Prof. Dr. Jörg Franke // Clinic Magdeburg
Fully automated method for measuring spinal sagittal balance parameters
Challenge
Measuring parameters of sagittal balance (SB) is essential in the treatment of spinal disorders. However, it is a time-consuming and labor-intensive manual process.
Solution
RAYLYTIC partnered with Prof. Dr. Jörg Franke to develop and systematically evaluate a fully automated algorithm for determining SB parameters.
Outcome
The algorithm demonstrated excellent reliability when compared to manual measurements by experienced physicians. The results of the validation study were published in the European Spine Journal in July 2022.
Challenge: Essential, yet time-consuming sagittal balance measurements
Sagittal balance parameters in clinical routines
Reestablishing SB is the goal of many spinal surgeries, as radiographic parameters of SB have been shown to correlate significantly with patient outcomes, like quality of life and condition-specific disability. The accurate pre- and postoperative analysis of SB parameters is therefore essential to the successful treatment of spinal disorders.
For Prof. Franke, global and segmental analysis of these geometric interrelations between spine and pelvis heavily influence his surgical care strategies. Preoperatively, they can be used to guide surgical decision making, while postoperatively, they can serve as a quality metric to determine if surgery achieved and maintained balance in the sagittal plane.
Limitations of current clinical approaches
Current clinical approaches for determining SB parameters are not only time-consuming and labor-intensive, but also rely on the subjective experience of the observer. Although software exists for measuring SB parameters, it still requires manual – and therefore subjective – user input for the placement of anatomical landmarks.
Moreover, higher volumes of imaging data and more complex cases have put additional strain on his staff. According to Prof. Franke, these manual measurements can take up to 15 minutes per patient – a tall order for his clinic’s radiology department that is reckoning with resource shortages.
Taken together, these limitations make the objective and efficient of analysis of SB parameters for different purposes – clinical diagnostics, treatment planning, scientific research, registry and big data analyses – difficult in the face of skyrocketing radiology workloads, which have tripled in the last 15 years.
A fully automated tool for measuring SB parameters could not only alleviate clinics from routine manual tasks, but also elevate patient care by generating insights from massive repositories of data.
Solution: Fully automated algorithm for measuring sagittal balance parameters
RAYLYTIC partnered with Prof.
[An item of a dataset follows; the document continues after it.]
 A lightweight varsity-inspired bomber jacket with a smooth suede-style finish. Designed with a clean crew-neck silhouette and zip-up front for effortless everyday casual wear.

Franke to develop and systematically evaluate the reliability of an algorithm that could significantly relieve these challenges by automatically computing the following SB parameters:
- pelvic incidence
- sacral slope
- pelvic tilt
- L1/S1 lumbar lordosis
- T4/T12 thoracic kyphosis (TK)
- spino-sacral angle (SSA).
Although recent research has demonstrated the potential of artificial intelligence (AI) to “automatically extract complex radiographic parameters from medical images with high accuracy and precision”1, these studies have conducted validation using small patient cohorts and exclusively preoperative imaging data.
Conversely, the study initiated by RAYLYTIC together with Prof. Franke validated the fully automated algorithm using a larger, 170-patient cohort with as well as without spinal instrumentation. Furthermore, the study differentiated between pre- and post-operative images. Post-operative images are a notorious challenge for AI-based analysis tools due to the difficulty of placing anatomical landmarks in images containing cages, screws, and other instrumentation.
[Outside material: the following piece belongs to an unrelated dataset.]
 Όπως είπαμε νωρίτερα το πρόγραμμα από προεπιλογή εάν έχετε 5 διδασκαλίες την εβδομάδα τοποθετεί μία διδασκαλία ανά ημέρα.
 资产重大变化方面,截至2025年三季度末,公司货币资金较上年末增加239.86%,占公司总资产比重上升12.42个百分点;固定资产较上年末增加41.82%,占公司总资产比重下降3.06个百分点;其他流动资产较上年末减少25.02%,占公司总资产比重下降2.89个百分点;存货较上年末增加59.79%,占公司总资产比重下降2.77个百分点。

By omitting any specific inclusion criteria and sourcing the images from routine care, it also established a realistic and broad representation of clinical daily routine from the outset.
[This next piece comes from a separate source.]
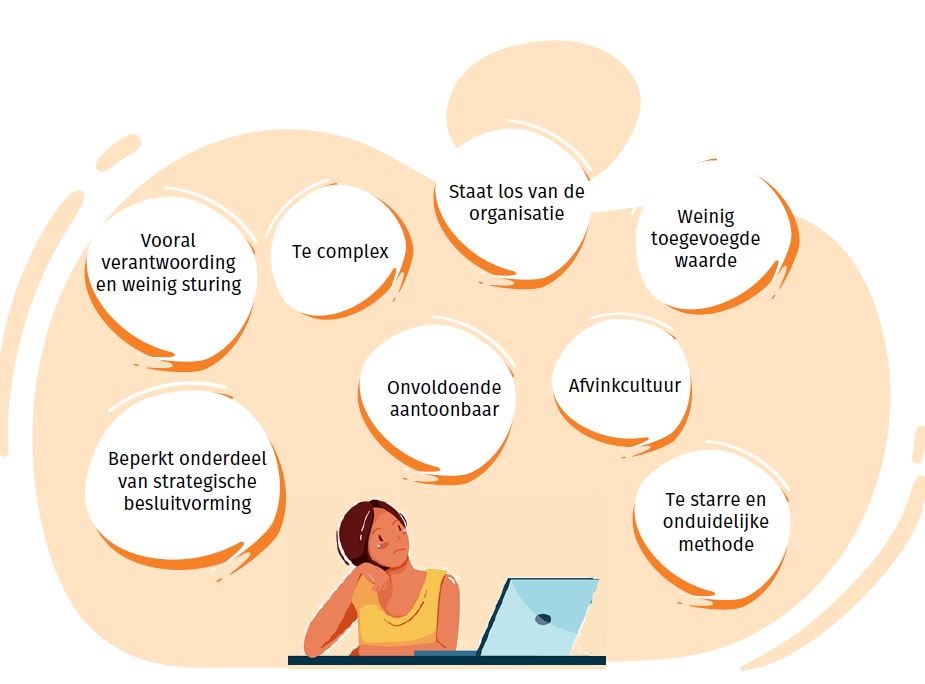 Vaak wordt er gebruik gemaakt van modellen en richtlijnen zoals COSO, COBIT of ISO aangevuld met templates, checklists en standaard rapportages. Die vult het bestuur niet zelf in, dat wordt gevraagd aan de uitvoering zoals bestuursbureau, commissies of uitvoerders. Dit kan ertoe leiden dat het risicomanagement wordt gezien als een afvink oefening die los staat van de dagelijkse activiteiten. Mogelijk is risicomanagement ook nog ondergebracht in een afzonderlijke commissies met haar eigen taken en verantwoordelijkheden. En beheersen commissies de diverse risico’s daardoor los van elkaar.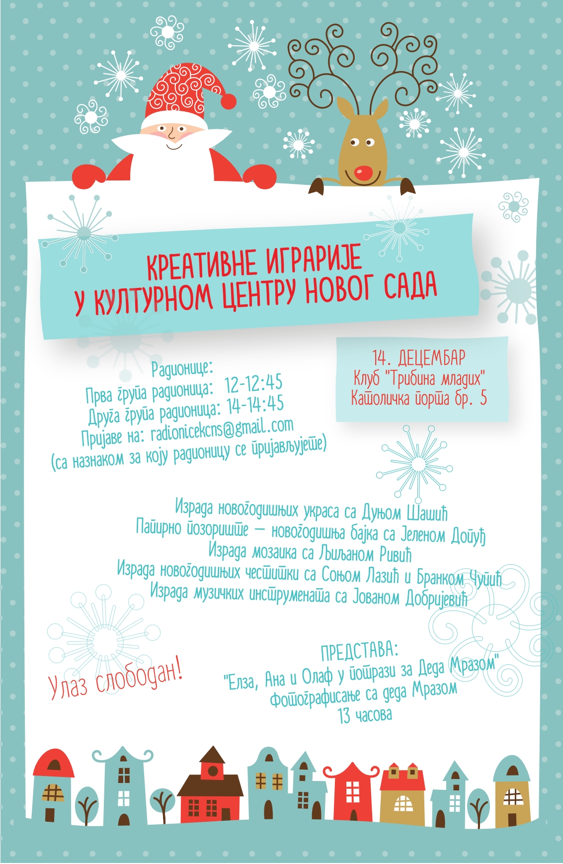 Овај мали креативни дан употпуниће и представа „Елза, Ана и Олаф у потрази за Деда Мразом“, која ће почети тачно у 13 часова на истом месту. Малишани ће након представе имати прилику да се фотографишу са Деда Мразом. Улаз за представу је слободан, али је број места органичен.

The algorithm itself is based on two separate convolutional neural networks. The first detects and localizes relevant anatomical structures in the X-ray images, and the second places landmarks on the vertebral bodies, sacrum, and femurs. These can then be used to compute spinopelvic parameters in the sagittal plane.
Outcomes
Excellent reliability
When compared to human-generated manual measurements, the AI-generated measurements demonstrated excellent reliability across the board. The algorithm was able to determine all parameters in 95% of all preoperative images and 91% of all postoperative images with excellent ICC values (PreOp Range: 0.83–0.91, PostOp: 0.72–0.89). Mean errors were smallest for SSA and largest for TK.
Future possibilities
These results are laying the groundwork for the algorithm’s use in clinical routines. As Prof. Franke put it, “Turning deep learning studies such as this one into clinically viable solutions will require validating the algorithm on all the possible parameters of sagittal balance.”
For him, this progress would mean enormous time savings – not only because of the algorithm’s speed, assessing SB parameters in under a minute, but also because AI “is available anytime.” In scientific research, the algorithm shows promise for rapidly analyzing large registry datasets, accelerating the rate at which researchers and clinicians can draw conclusions and correlations.
1 Grover, P., Siebenwirth, J., Caspari, C. et al. Can artificial intelligence support or even replace physicians in measuring sagittal balance? A validation study on preoperative and postoperative full spine images of 170 patients. Eur Spine J 31, 1943–1951 (2022).